### DATA UNDER STUDY
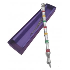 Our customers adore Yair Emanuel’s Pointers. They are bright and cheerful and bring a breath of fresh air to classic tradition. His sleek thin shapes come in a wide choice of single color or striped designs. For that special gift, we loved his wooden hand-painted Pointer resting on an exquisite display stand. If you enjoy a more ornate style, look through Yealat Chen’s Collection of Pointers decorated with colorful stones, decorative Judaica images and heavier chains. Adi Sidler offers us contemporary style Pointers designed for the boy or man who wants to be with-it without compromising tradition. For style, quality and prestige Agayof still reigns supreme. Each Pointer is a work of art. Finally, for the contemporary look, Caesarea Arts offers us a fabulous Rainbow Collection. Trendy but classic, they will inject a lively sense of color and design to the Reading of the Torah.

==

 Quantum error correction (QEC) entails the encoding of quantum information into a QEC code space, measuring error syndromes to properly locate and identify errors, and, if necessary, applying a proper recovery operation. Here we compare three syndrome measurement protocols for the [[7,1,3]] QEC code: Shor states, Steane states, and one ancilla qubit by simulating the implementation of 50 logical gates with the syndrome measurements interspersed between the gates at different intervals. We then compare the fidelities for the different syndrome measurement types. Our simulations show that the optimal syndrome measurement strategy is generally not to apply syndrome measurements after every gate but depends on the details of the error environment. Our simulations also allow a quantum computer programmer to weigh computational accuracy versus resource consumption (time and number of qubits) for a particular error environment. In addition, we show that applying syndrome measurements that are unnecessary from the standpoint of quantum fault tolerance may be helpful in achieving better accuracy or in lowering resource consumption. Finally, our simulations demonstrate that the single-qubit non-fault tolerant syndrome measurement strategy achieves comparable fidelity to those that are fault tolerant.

--

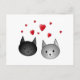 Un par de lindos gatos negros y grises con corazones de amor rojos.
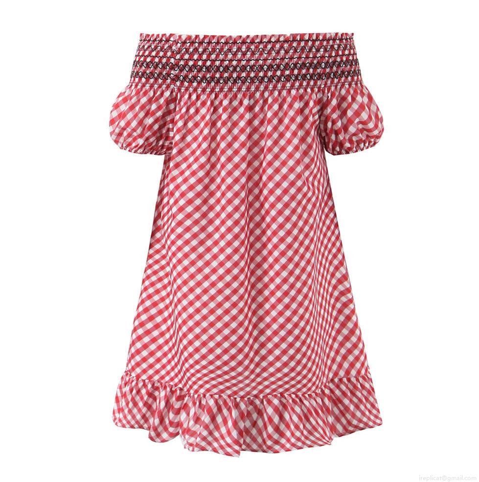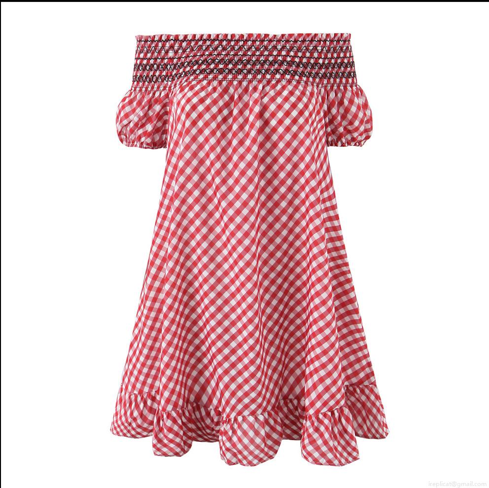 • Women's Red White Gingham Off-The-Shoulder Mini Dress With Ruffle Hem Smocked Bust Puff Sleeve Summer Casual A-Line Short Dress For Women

### WHAT TO PRODUCE
Above are the records; copy from them only the lines starting at the one containing "Un par de lindos" and ending at the one containing "Dress For Women", exactly and without pictures.

### COMPLETED EXERCISE
 Un par de lindos gatos negros y grises con corazones de amor rojos.
 • Women's Red White Gingham Off-The-Shoulder Mini Dress With Ruffle Hem Smocked Bust Puff Sleeve Summer Casual A-Line Short Dress For Women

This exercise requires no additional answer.